* **Activity**: The output should match, line for line, the records from the line containing "Conjunto de sudadera" through the line containing "O lazer é uma", with every picture left out.

__________

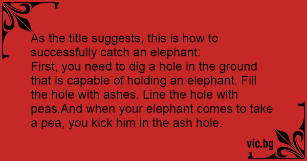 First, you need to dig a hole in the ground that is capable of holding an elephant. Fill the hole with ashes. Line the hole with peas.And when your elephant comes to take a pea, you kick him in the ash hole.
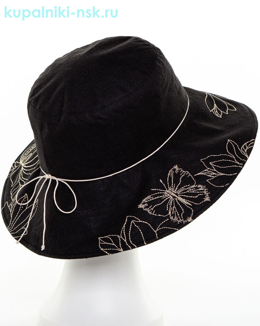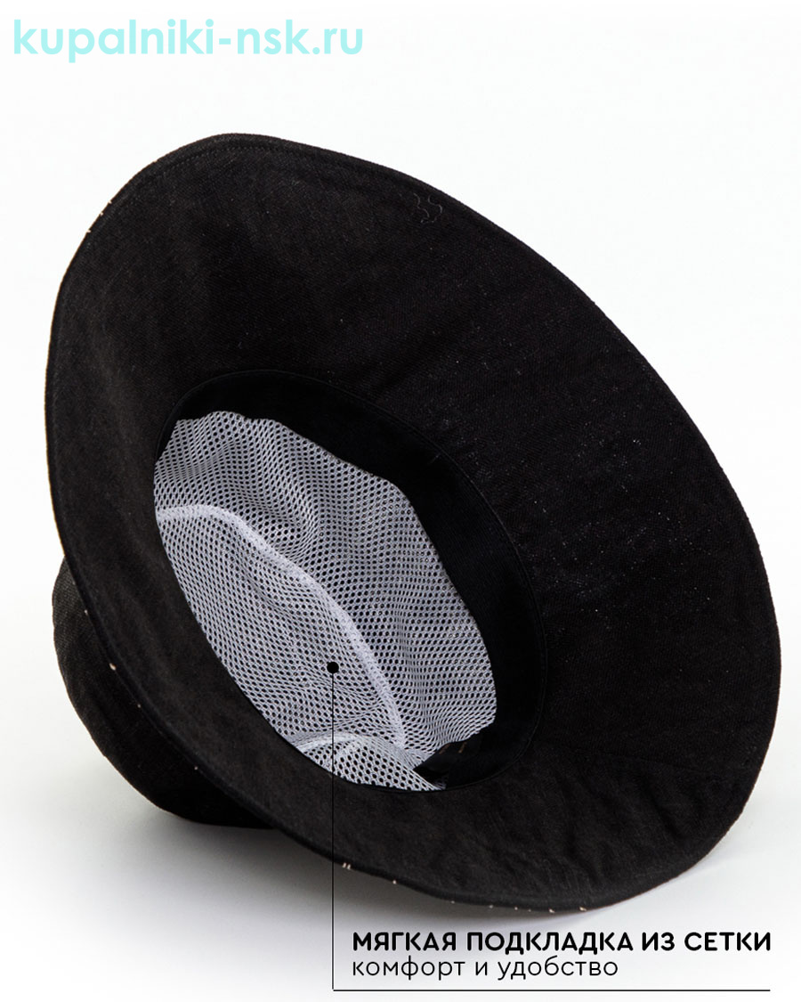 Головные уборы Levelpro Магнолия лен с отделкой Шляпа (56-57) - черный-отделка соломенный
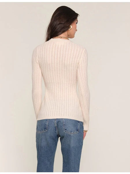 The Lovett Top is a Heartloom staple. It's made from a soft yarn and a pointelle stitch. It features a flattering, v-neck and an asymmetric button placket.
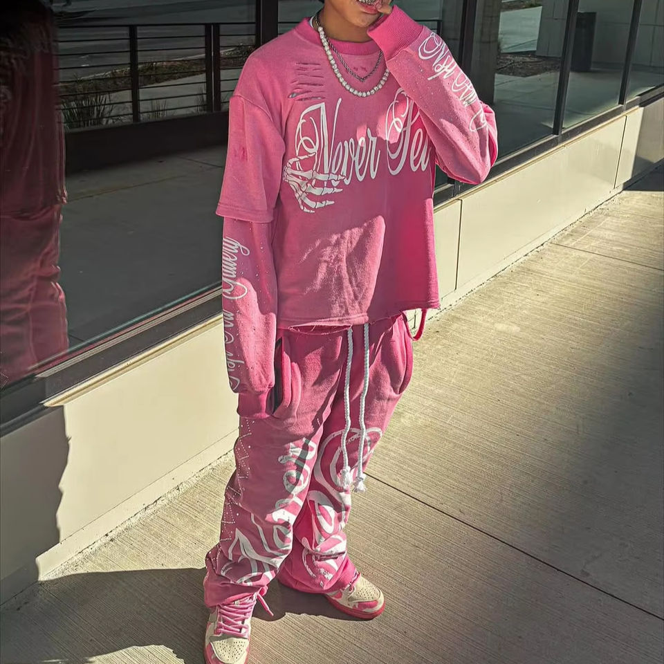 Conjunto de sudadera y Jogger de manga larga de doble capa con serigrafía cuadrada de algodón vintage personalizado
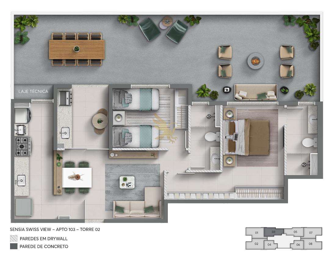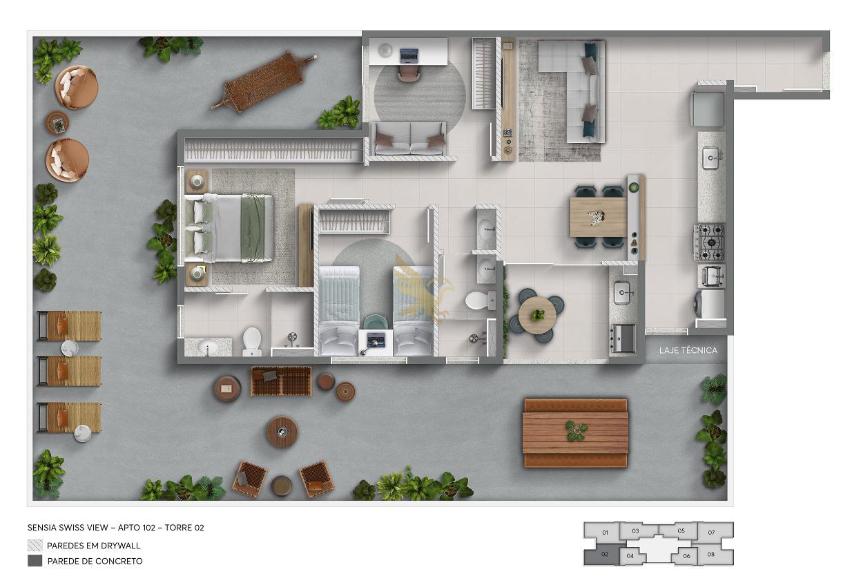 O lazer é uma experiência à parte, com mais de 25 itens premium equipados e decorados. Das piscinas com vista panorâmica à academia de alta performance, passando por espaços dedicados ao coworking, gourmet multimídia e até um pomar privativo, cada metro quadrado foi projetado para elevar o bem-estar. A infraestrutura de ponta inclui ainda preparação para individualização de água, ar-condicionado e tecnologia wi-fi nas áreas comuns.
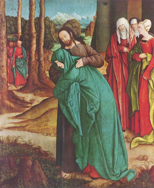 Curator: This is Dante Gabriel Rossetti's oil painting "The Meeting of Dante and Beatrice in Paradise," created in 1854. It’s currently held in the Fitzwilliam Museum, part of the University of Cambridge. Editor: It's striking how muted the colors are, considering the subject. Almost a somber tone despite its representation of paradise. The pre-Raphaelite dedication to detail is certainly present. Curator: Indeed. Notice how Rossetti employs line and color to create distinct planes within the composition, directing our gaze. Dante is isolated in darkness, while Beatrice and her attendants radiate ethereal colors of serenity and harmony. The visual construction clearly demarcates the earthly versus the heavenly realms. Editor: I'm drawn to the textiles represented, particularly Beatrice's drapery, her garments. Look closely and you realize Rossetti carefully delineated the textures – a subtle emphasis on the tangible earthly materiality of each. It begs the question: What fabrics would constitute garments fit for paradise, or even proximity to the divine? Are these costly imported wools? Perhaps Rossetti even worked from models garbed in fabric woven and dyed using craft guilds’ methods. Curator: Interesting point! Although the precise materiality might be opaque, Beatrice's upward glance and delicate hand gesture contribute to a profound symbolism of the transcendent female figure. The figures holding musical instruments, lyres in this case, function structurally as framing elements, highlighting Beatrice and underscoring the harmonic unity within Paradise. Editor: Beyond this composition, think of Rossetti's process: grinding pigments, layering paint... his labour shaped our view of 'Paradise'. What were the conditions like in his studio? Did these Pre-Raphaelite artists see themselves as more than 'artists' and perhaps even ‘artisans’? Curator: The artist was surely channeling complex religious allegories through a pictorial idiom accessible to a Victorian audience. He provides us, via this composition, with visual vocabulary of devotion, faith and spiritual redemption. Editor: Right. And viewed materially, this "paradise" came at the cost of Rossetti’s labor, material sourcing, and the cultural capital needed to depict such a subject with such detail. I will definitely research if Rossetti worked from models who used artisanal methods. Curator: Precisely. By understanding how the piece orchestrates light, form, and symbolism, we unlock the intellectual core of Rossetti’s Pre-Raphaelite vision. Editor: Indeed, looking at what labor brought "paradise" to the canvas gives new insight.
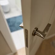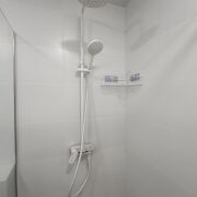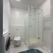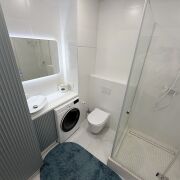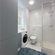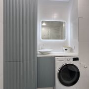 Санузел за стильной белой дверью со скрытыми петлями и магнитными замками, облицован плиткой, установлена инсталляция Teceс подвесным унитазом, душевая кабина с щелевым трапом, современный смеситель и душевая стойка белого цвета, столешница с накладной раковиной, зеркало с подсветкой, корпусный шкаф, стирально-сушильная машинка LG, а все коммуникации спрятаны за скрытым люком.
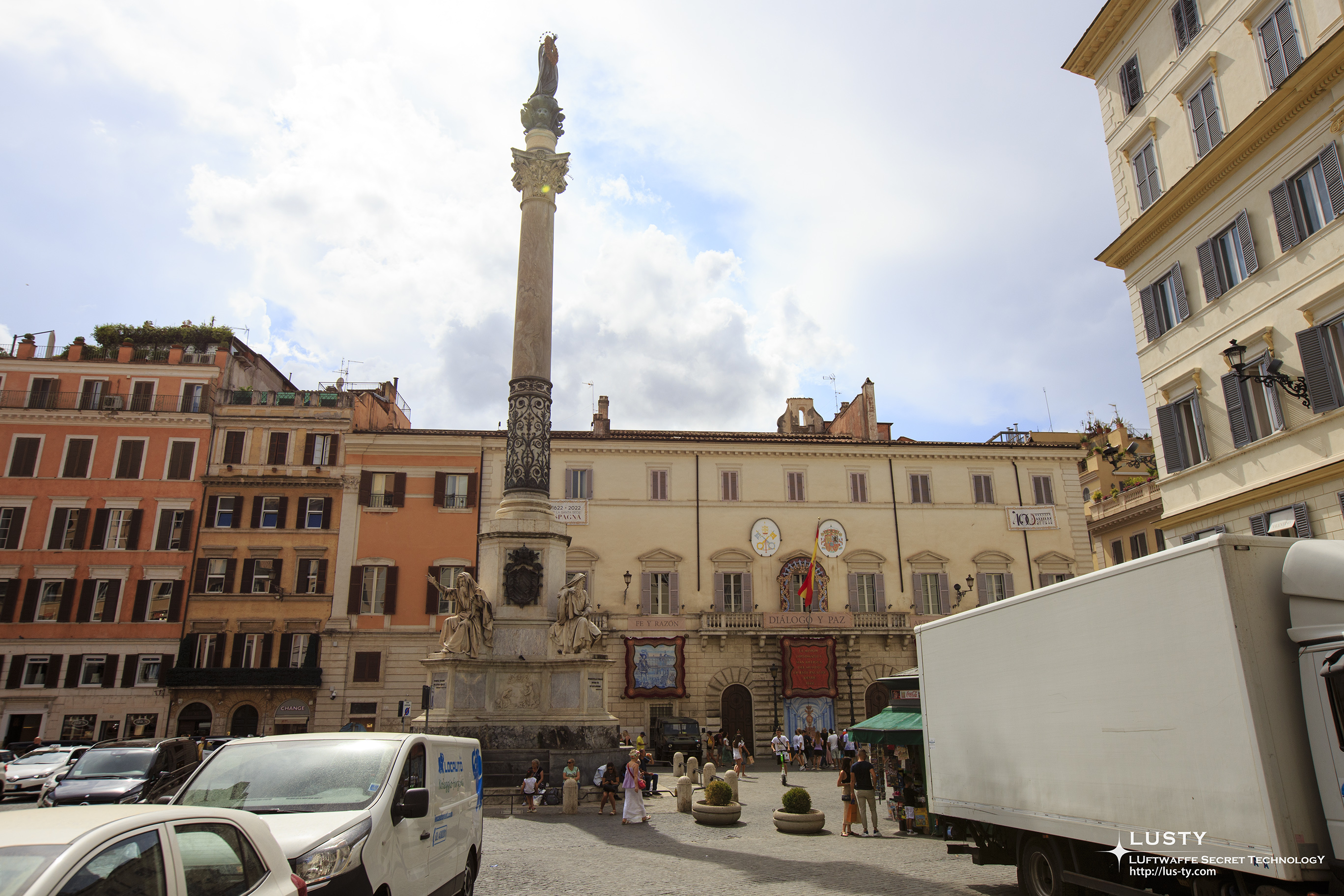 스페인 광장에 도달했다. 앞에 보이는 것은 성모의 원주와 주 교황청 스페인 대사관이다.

__________

* **Response to this task**:
 Conjunto de sudadera y Jogger de manga larga de doble capa con serigrafía cuadrada de algodón vintage personalizado
 O lazer é uma experiência à parte, com mais de 25 itens premium equipados e decorados. Das piscinas com vista panorâmica à academia de alta performance, passando por espaços dedicados ao coworking, gourmet multimídia e até um pomar privativo, cada metro quadrado foi projetado para elevar o bem-estar. A infraestrutura de ponta inclui ainda preparação para individualização de água, ar-condicionado e tecnologia wi-fi nas áreas comuns.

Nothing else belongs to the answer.